* _Exercise details_:
A faithful copy is required. Print each line of the data exactly and omit the pictures.

* _Dataset section_:
· · · · ·

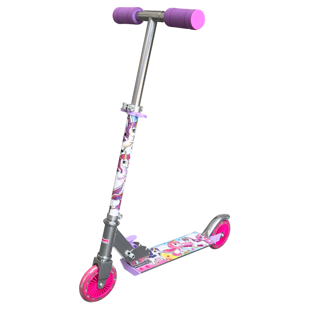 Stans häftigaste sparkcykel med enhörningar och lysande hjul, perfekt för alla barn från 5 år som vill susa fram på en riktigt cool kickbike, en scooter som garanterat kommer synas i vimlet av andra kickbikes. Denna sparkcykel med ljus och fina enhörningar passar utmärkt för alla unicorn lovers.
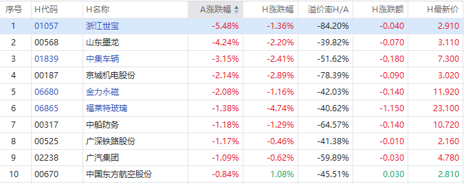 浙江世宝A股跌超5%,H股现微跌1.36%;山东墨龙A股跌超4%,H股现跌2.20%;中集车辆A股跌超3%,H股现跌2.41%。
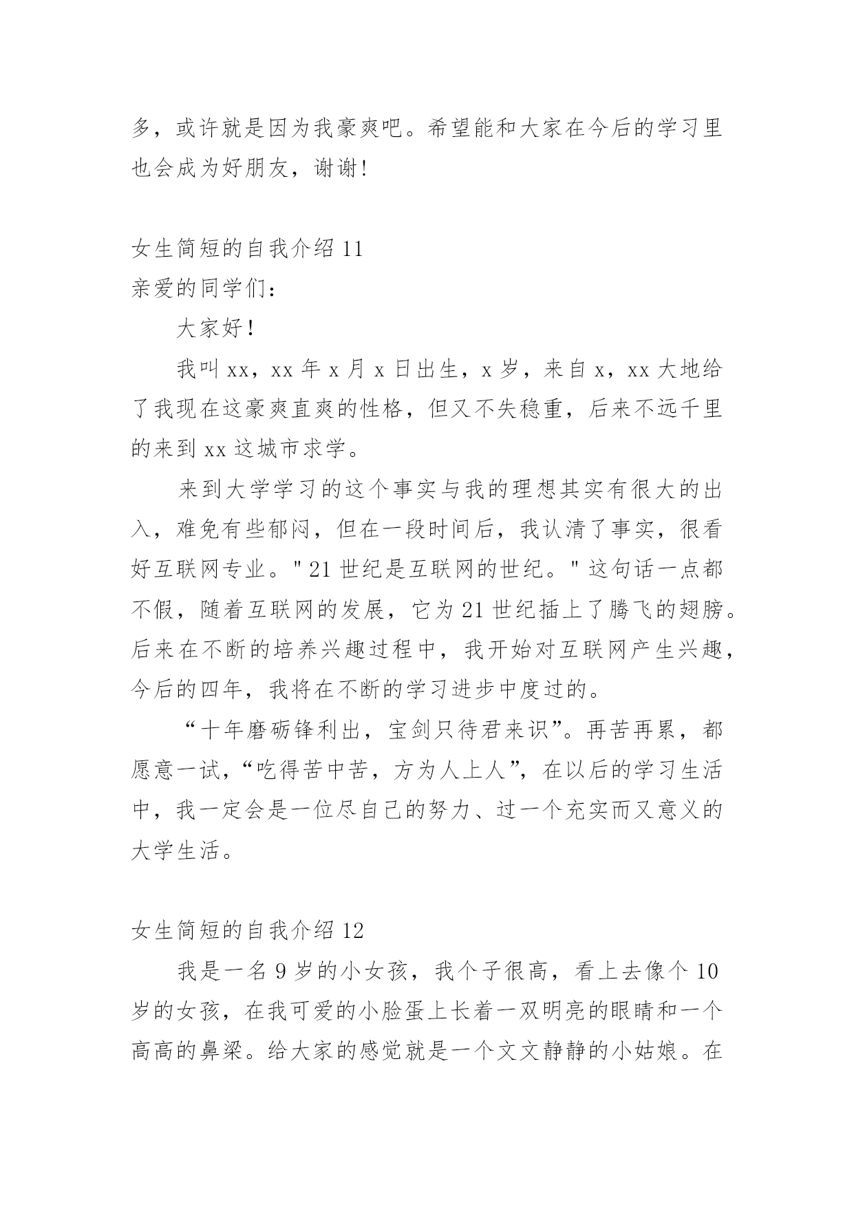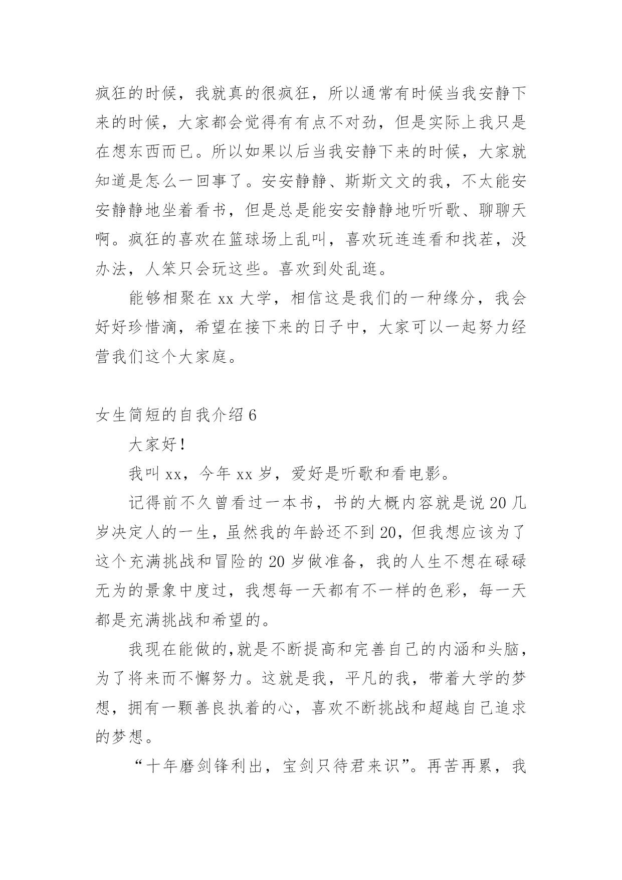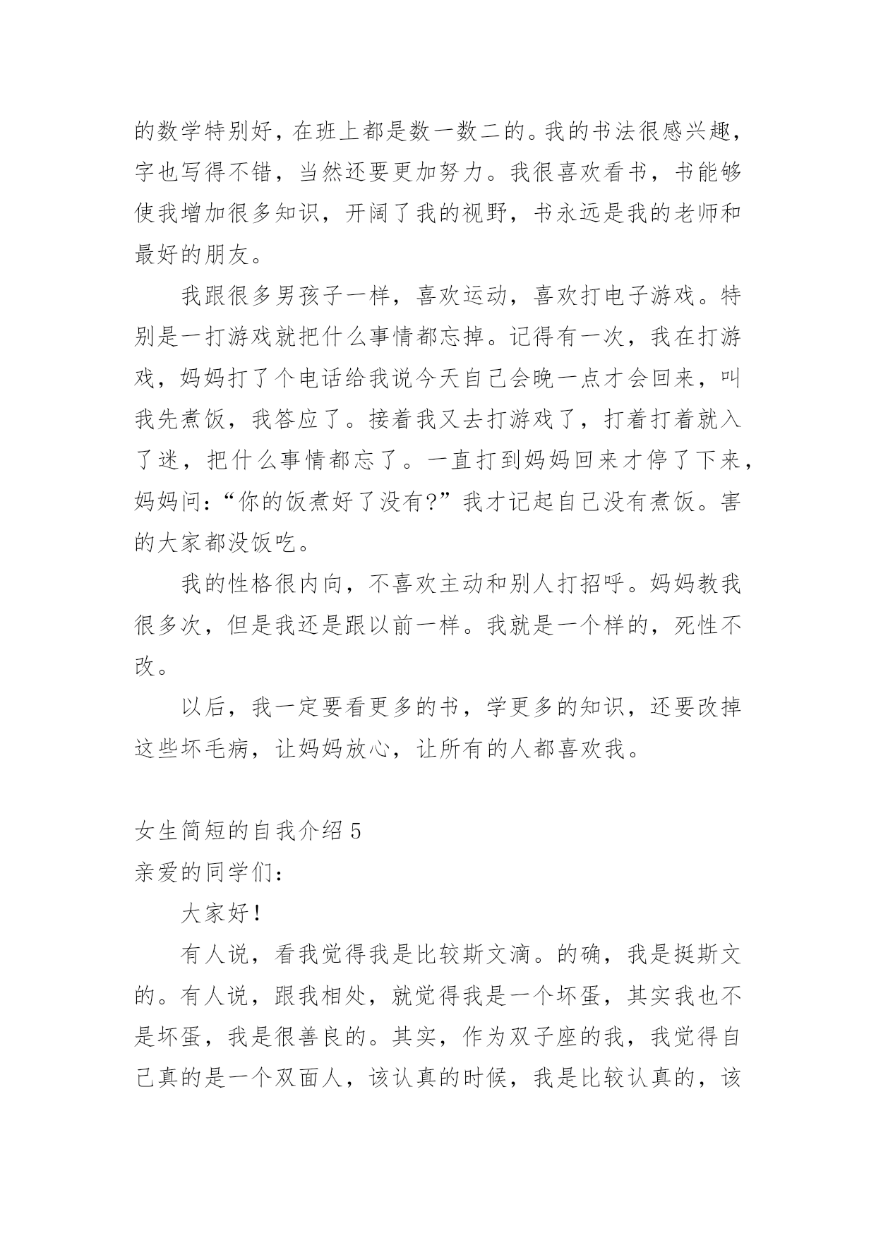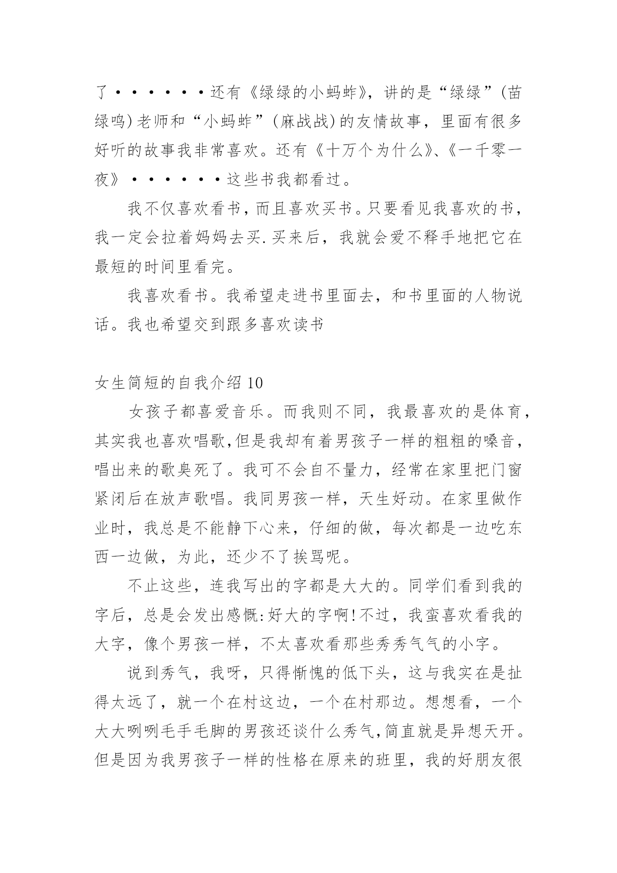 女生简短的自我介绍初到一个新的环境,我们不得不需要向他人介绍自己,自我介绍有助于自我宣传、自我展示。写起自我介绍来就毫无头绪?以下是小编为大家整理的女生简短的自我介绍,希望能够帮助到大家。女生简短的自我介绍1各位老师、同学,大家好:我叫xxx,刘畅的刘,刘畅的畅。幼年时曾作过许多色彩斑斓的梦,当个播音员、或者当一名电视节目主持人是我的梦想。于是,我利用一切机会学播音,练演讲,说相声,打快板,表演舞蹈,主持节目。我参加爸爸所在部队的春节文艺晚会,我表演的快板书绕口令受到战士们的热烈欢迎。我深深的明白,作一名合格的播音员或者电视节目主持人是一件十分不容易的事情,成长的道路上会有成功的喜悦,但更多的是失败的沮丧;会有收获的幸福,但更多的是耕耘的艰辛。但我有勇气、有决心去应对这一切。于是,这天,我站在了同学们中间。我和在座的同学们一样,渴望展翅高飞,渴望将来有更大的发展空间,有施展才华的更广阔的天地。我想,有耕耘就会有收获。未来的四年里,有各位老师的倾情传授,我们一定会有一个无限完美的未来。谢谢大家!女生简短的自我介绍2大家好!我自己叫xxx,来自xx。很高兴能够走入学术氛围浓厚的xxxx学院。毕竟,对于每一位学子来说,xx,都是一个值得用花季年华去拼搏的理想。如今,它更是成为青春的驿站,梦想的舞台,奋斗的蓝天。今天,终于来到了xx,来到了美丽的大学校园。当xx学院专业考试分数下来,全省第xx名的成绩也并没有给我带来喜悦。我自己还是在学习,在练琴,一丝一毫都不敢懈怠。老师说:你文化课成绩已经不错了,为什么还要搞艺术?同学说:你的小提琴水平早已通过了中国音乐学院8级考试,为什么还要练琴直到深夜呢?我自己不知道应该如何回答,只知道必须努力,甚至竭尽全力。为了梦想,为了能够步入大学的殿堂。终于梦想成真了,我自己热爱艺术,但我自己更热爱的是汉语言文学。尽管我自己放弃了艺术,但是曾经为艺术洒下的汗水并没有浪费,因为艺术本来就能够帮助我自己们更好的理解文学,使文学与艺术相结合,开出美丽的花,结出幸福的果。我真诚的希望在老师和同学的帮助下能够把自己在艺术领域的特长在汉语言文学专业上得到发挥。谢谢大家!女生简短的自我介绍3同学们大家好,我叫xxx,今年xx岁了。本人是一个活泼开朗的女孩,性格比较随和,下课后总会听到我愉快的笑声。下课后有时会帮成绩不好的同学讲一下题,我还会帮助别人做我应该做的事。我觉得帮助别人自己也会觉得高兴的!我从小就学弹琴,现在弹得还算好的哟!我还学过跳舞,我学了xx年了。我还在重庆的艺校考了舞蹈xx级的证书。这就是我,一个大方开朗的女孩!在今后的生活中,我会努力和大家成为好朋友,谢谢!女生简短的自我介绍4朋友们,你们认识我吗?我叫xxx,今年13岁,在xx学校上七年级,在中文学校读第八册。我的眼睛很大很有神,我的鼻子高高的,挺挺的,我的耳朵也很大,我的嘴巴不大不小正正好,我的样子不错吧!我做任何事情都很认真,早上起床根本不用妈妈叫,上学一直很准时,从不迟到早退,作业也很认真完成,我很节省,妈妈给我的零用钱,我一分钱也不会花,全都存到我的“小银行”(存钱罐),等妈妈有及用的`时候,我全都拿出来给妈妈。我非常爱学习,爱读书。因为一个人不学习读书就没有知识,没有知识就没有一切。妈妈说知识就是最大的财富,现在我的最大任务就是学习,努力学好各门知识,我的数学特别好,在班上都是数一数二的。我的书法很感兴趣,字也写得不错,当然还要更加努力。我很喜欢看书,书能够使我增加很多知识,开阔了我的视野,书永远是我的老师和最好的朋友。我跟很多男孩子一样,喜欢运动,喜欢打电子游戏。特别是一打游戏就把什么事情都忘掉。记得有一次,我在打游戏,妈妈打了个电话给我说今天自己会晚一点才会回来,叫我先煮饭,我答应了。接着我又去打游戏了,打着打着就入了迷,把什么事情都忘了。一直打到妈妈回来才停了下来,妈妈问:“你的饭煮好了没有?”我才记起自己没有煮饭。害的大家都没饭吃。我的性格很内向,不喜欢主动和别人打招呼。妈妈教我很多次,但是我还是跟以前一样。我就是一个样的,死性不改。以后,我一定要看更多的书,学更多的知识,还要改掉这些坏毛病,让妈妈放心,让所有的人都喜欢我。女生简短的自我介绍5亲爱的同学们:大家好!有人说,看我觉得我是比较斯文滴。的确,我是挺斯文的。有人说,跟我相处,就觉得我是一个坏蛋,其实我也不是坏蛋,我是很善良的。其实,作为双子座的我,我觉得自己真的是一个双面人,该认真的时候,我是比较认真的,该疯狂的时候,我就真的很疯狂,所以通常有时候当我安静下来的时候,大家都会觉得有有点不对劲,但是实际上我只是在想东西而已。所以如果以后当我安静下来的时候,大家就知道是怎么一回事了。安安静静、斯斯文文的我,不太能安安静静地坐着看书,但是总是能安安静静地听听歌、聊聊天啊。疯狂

· · · · ·

* _Response below_:
 Stans häftigaste sparkcykel med enhörningar och lysande hjul, perfekt för alla barn från 5 år som vill susa fram på en riktigt cool kickbike, en scooter som garanterat kommer synas i vimlet av andra kickbikes. Denna sparkcykel med ljus och fina enhörningar passar utmärkt för alla unicorn lovers.
 浙江世宝A股跌超5%,H股现微跌1.36%;山东墨龙A股跌超4%,H股现跌2.20%;中集车辆A股跌超3%,H股现跌2.41%。
 女生简短的自我介绍初到一个新的环境,我们不得不需要向他人介绍自己,自我介绍有助于自我宣传、自我展示。写起自我介绍来就毫无头绪?以下是小编为大家整理的女生简短的自我介绍,希望能够帮助到大家。女生简短的自我介绍1各位老师、同学,大家好:我叫xxx,刘畅的刘,刘畅的畅。幼年时曾作过许多色彩斑斓的梦,当个播音员、或者当一名电视节目主持人是我的梦想。于是,我利用一切机会学播音,练演讲,说相声,打快板,表演舞蹈,主持节目。我参加爸爸所在部队的春节文艺晚会,我表演的快板书绕口令受到战士们的热烈欢迎。我深深的明白,作一名合格的播音员或者电视节目主持人是一件十分不容易的事情,成长的道路上会有成功的喜悦,但更多的是失败的沮丧;会有收获的幸福,但更多的是耕耘的艰辛。但我有勇气、有决心去应对这一切。于是,这天,我站在了同学们中间。我和在座的同学们一样,渴望展翅高飞,渴望将来有更大的发展空间,有施展才华的更广阔的天地。我想,有耕耘就会有收获。未来的四年里,有各位老师的倾情传授,我们一定会有一个无限完美的未来。谢谢大家!女生简短的自我介绍2大家好!我自己叫xxx,来自xx。很高兴能够走入学术氛围浓厚的xxxx学院。毕竟,对于每一位学子来说,xx,都是一个值得用花季年华去拼搏的理想。如今,它更是成为青春的驿站,梦想的舞台,奋斗的蓝天。今天,终于来到了xx,来到了美丽的大学校园。当xx学院专业考试分数下来,全省第xx名的成绩也并没有给我带来喜悦。我自己还是在学习,在练琴,一丝一毫都不敢懈怠。老师说:你文化课成绩已经不错了,为什么还要搞艺术?同学说:你的小提琴水平早已通过了中国音乐学院8级考试,为什么还要练琴直到深夜呢?我自己不知道应该如何回答,只知道必须努力,甚至竭尽全力。为了梦想,为了能够步入大学的殿堂。终于梦想成真了,我自己热爱艺术,但我自己更热爱的是汉语言文学。尽管我自己放弃了艺术,但是曾经为艺术洒下的汗水并没有浪费,因为艺术本来就能够帮助我自己们更好的理解文学,使文学与艺术相结合,开出美丽的花,结出幸福的果。我真诚的希望在老师和同学的帮助下能够把自己在艺术领域的特长在汉语言文学专业上得到发挥。谢谢大家!女生简短的自我介绍3同学们大家好,我叫xxx,今年xx岁了。本人是一个活泼开朗的女孩,性格比较随和,下课后总会听到我愉快的笑声。下课后有时会帮成绩不好的同学讲一下题,我还会帮助别人做我应该做的事。我觉得帮助别人自己也会觉得高兴的!我从小就学弹琴,现在弹得还算好的哟!我还学过跳舞,我学了xx年了。我还在重庆的艺校考了舞蹈xx级的证书。这就是我,一个大方开朗的女孩!在今后的生活中,我会努力和大家成为好朋友,谢谢!女生简短的自我介绍4朋友们,你们认识我吗?我叫xxx,今年13岁,在xx学校上七年级,在中文学校读第八册。我的眼睛很大很有神,我的鼻子高高的,挺挺的,我的耳朵也很大,我的嘴巴不大不小正正好,我的样子不错吧!我做任何事情都很认真,早上起床根本不用妈妈叫,上学一直很准时,从不迟到早退,作业也很认真完成,我很节省,妈妈给我的零用钱,我一分钱也不会花,全都存到我的“小银行”(存钱罐),等妈妈有及用的`时候,我全都拿出来给妈妈。我非常爱学习,爱读书。因为一个人不学习读书就没有知识,没有知识就没有一切。妈妈说知识就是最大的财富,现在我的最大任务就是学习,努力学好各门知识,我的数学特别好,在班上都是数一数二的。我的书法很感兴趣,字也写得不错,当然还要更加努力。我很喜欢看书,书能够使我增加很多知识,开阔了我的视野,书永远是我的老师和最好的朋友。我跟很多男孩子一样,喜欢运动,喜欢打电子游戏。特别是一打游戏就把什么事情都忘掉。记得有一次,我在打游戏,妈妈打了个电话给我说今天自己会晚一点才会回来,叫我先煮饭,我答应了。接着我又去打游戏了,打着打着就入了迷,把什么事情都忘了。一直打到妈妈回来才停了下来,妈妈问:“你的饭煮好了没有?”我才记起自己没有煮饭。害的大家都没饭吃。我的性格很内向,不喜欢主动和别人打招呼。妈妈教我很多次,但是我还是跟以前一样。我就是一个样的,死性不改。以后,我一定要看更多的书,学更多的知识,还要改掉这些坏毛病,让妈妈放心,让所有的人都喜欢我。女生简短的自我介绍5亲爱的同学们:大家好!有人说,看我觉得我是比较斯文滴。的确,我是挺斯文的。有人说,跟我相处,就觉得我是一个坏蛋,其实我也不是坏蛋,我是很善良的。其实,作为双子座的我,我觉得自己真的是一个双面人,该认真的时候,我是比较认真的,该疯狂的时候,我就真的很疯狂,所以通常有时候当我安静下来的时候,大家都会觉得有有点不对劲,但是实际上我只是在想东西而已。所以如果以后当我安静下来的时候,大家就知道是怎么一回事了。安安静静、斯斯文文的我,不太能安安静静地坐着看书,但是总是能安安静静地听听歌、聊聊天啊。疯狂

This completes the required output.